Hasil dialog itu kemudian mengerucut pada satu hal krusial: kualitas telur yang cepat menurun karena suhu ruang penyimpanan yang tidak stabil. Dari sini, lahirlah gagasan sederhana namun berdampak besar: merancang teknologi tepat guna berupa kotak penyimpanan telur asin dengan pengatur suhu otomatis. Teknologi ini dirancang agar suhu penyimpanan dapat terjaga di bawah 31C, sesuai rekomendasi mitra, demi memperpanjang daya tahan telur asin dan menjaga cita rasa.
Teknologi tersebut dibangun menggunakan sistem berbasis Arduino UNO dan sensor suhu DHT11, dipadukan dengan kipas otomatis yang aktif ketika suhu melewati ambang tertentu. Tidak hanya merancang dan merakit, para mahasiswa juga memberikan pelatihan penggunaan serta melakukan monitoring berkala untuk memastikan alat dapat berfungsi secara optimal dan mudah dioperasikan oleh mitra. Hasilnya? Daya simpan telur asin meningkat dari 10 menjadi 15 hari. Tingkat kerusakan turun hingga 40%. Angka yang membawa arti besar bagi UMKM berskala mikro.
Namun, kerja kami tidak berhenti pada teknologi. Mahasiswa juga menyadari bahwa inovasi produk harus diiringi dengan inovasi pasar. Oleh karena itu, rangkaian program kerja turut mencakup sosialisasi penyusunan laporan keuangan sederhana, pelatihan penggunaan marketplace seperti Shopee dan Facebook untuk membuka akses pasar digital, serta pembuatan papan nama usaha sebagai bagian dari penguatan identitas visual. Semua ini dilakukan dalam waktu efektif enam minggu, tetapi dengan komitmen yang menyala sejak hari pertama.
Kegiatan pengabdian berlangsung setiap Sabtu dan Minggu, sejak 24 Mei hingga 21 Juni 2025.
Program ini bukan semata-mata soal memberi bantuan. Ia adalah proses belajar dua arah. Mahasiswa belajar tentang ketekunan dan realita usaha mikro, sementara pelaku usaha mendapat dukungan dalam bentuk pengetahuan, keterampilan, dan alat praktis yang dapat langsung digunakan.

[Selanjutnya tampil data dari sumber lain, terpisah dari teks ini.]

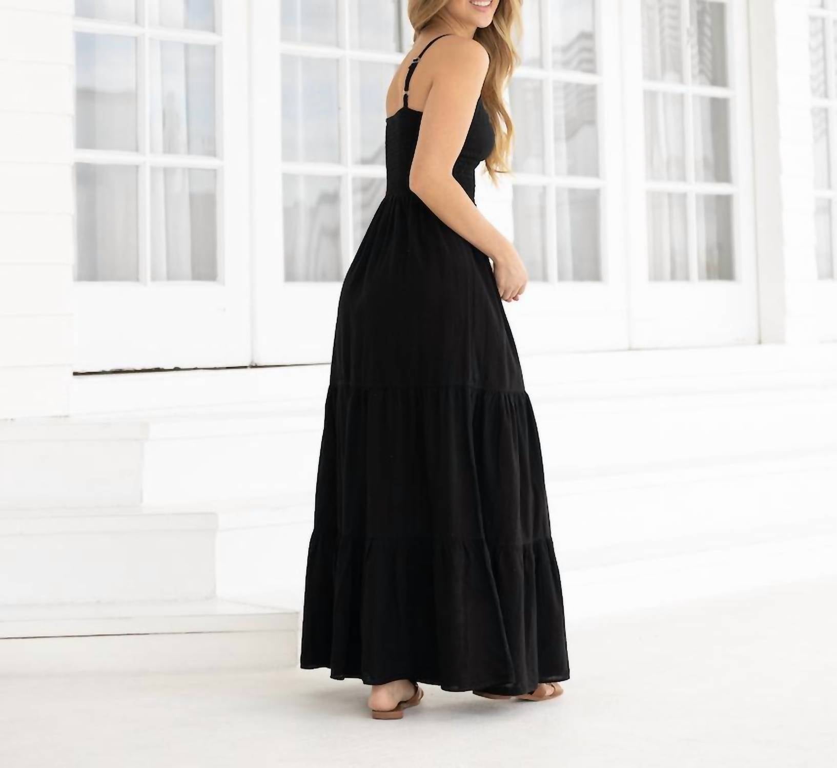 A maxi dress that is just as cute as it is comfortable. Introducing the Nayla Keyhole Maxi Dress by Blanco BY NATURE featuring delicate spaghetti straps, crafted from 100% cotton for comfort and breathability, extending to a luxurious maxi length. Designed with a pull-on closure, it showcases a ring at the center bust, adjustable straps, cutout detail, an elastic waist, and a ruched trimming detail on the skirt for a flattering fit. Care instructions recommend machine washing cold with like colors, avoiding bleach, and hanging to dry.

Dalam masyarakat, perubahan sering dimulai dari hal kecil. Selembar papan nama yang dulunya abai, kini berdiri tegak dengan logo sederhana. Akun Shopee yang dulu asing, kini mulai berisi produk-produk lokal yang berdaya saing. Dan di dalam kotak penyimpanan telur yang tampak biasa itu, ada teknologi yang menjadi jembatan antara ilmu kampus dan kebutuhan nyata warga desa.

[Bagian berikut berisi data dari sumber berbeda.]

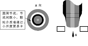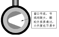 | 介質(zhì)流經(jīng)節(jié)流口時(shí),在同樣的節(jié)流面積條件下,如果節(jié)流間隙小,不干凈介質(zhì)不易通過(guò), 容易堵塞;反之,則不易堵塞。對(duì)柱塞型閥芯(見(jiàn)圖六),它的節(jié)流面積分布在圓周上, 其節(jié)流間隙大概等于面積除以圓周長(zhǎng);再看窗口型閥芯(見(jiàn)圖七),其面積分布在窗口上 而不是在整個(gè)圓周上,所以其間隙大,顆粒很容易通過(guò)。由此可見(jiàn),節(jié)流面積越集中(不是圓周分布),節(jié)流間隙越大,防堵性能就越好。這樣的典型產(chǎn)品有“V”型球閥、全功能超輕型調(diào)節(jié)閥等。尤其在小開(kāi)度工作時(shí),前者的節(jié)流間隙更小,更易堵卡;后者集中在“V”形口的尖端部份,面積集中,充分顯示了“V”形節(jié)流的防堵優(yōu)勢(shì)。 | ||||||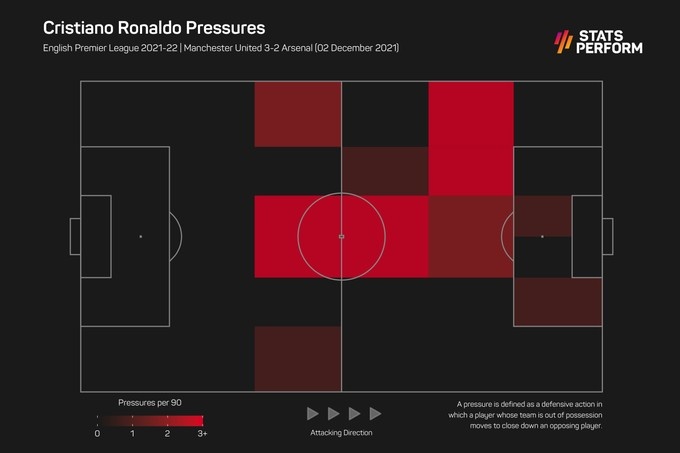 (图)在索尔斯克亚和卡里克麾下,C罗每90分钟完成14.4次逼抢。朗尼克上任后的首场比赛(VS水晶宫),这个数据翻了一番(27次),但如此剧烈的消耗注定难以久持。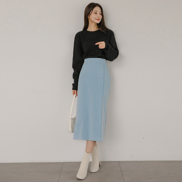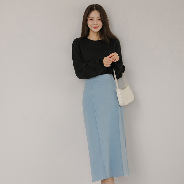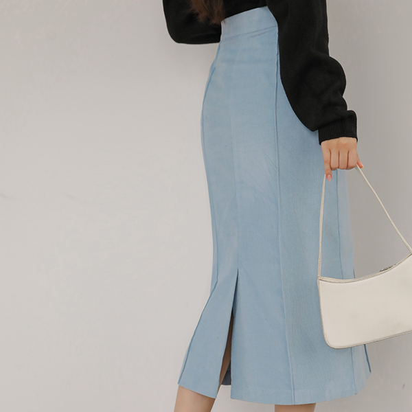 柔软的 灯芯绒 高腰 H字型 长款 裙子

Kolaborasi semacam ini layak menjadi contoh. Bahwa pembangunan ekonomi tidak selalu harus menunggu bantuan besar dari pusat. Ia bisa dimulai dari desa, dari UMKM, dan dari tangan-tangan muda yang bersedia turun tangan. Ketika semangat akademik menyatu dengan realitas lapangan, maka pengabdian berubah menjadi gerakan: gerakan menuju pemberdayaan yang berkelanjutan.
Mari kita bersama-sama menjadikan inovasi teknologi tepat guna sebagai jembatan menuju UMKM yang lebih berdaya dan berkelanjutan.